I once had a journalist colleague who would tear her hair out in frustration because the newspaper we worked on put "Style" and "Collecting" on the same page. They are the antithesis of each other, she would complain.

I feel the same about the words theatre and museum. The fine arts and the sciences repay extensive study in museums and give repeated delight in museums.

But an art gallery has on its walls the ultimate representatives of its art form, and they cannot be found in more exciting or instructive form elsewhere.

A theatre museum can offer only a pale shadow of the real thing. Of course, I would love to see a permanent celebration of theatre in central London.

I would love to see a place where the likes of Sir Peter Hall might come and give talks to share his wealth of experience; a place where technology might help to convey the sight and sound of great performances past. But, more than anything, such a place must buzz with the excitement and tension of live performance; actors, singers, dancers must commit to performing there; stars should hold masterclasses.

If there is £12m to spend, then perhaps it should be put into a centre to celebrate all the performing arts: theatre, opera, ballet, jazz, classical and pop; a place for a generation whose tastes are probably more eclectic than any that has gone before. It needs to be lively, stimulating, have spontaneity and glamour.

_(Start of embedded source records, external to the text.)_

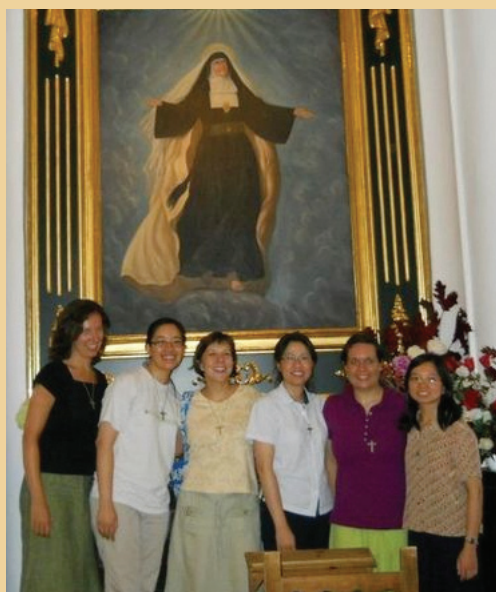
Handmaid formees visit the shrine of St. Raphaela Mary in Spain.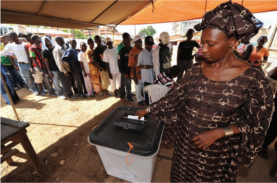
A woman casts her vote at a polling station in Conakry on November 7, 2010.

Corruption within both the public and private sectors in Guinea has long been endemic. From the petty corruption and bribe-solicitation perpetrated by frontline civil servants to the extortion, embezzlement and illicit contract negotiations that take place in the shadows, those involved in bribery and various forms of corruption are rarely investigated, much less held accountable. Guinea's past rulers have also largely mismanaged, embezzled, and squandered the proceeds from the country's abundant natural resources, thereby denying the majority of the population access to even the most basic health care and education. As a result, Guinea is one of the world's poorest countries and suffers some of the world's highest rates of infant and maternal mortality and adult illiteracy, despite its natural resources.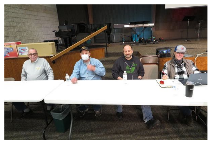
Immediately before an item was sold it was logged in and entered into the computer by this crew.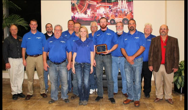
Shelby County Fair, Harlan – SW District

It should, incidentally, incorporate the capital's half-price ticket booth to encourage visitors to go on to an actual production. And, above all, it must not, not, not be called a museum.

¿ One day there might be a ticket-prices museum, complete with historical relics from the early 21st century, such as booking fees and handling charges. I would place in it the West End theatre box-office clerk who told me this week that the "handling charge" on my telephone booking was for paperwork. What paperwork exactly is involved in taking a telephone booking and typing it into the computer?

Still, the Lister Experiment of trying to persuade producers to offer theatre seats at cinema prices for selected performances continues.

Paul Roberts, producer of the Queen musical We Will Rock You has decided to celebrate the first anniversary of the experiment by offering best seats at £11.50 for the performance on Tuesday 2 December. Those wishing to buy tickets at the special price should call the box office at the Dominion Theatre in London (0870 169 0116) and quote the Lister Experiment.

¿ The times are not just a changing; they're becoming mighty confusing. Bob Dylan's excellent concert at Wembley last weekend had the most unusual introduction. The usual quaint announcement of "Please welcome Columbia recording artist Bob Dylan" was enhanced with a tongue-in-cheek, self-deprecating résumé of the star's career. "He was the voice of the counter-culture in the 1960s, but was a has-been in the Eighties" etc.

Is the old Jokerman becoming a genuine joker in his late middle age?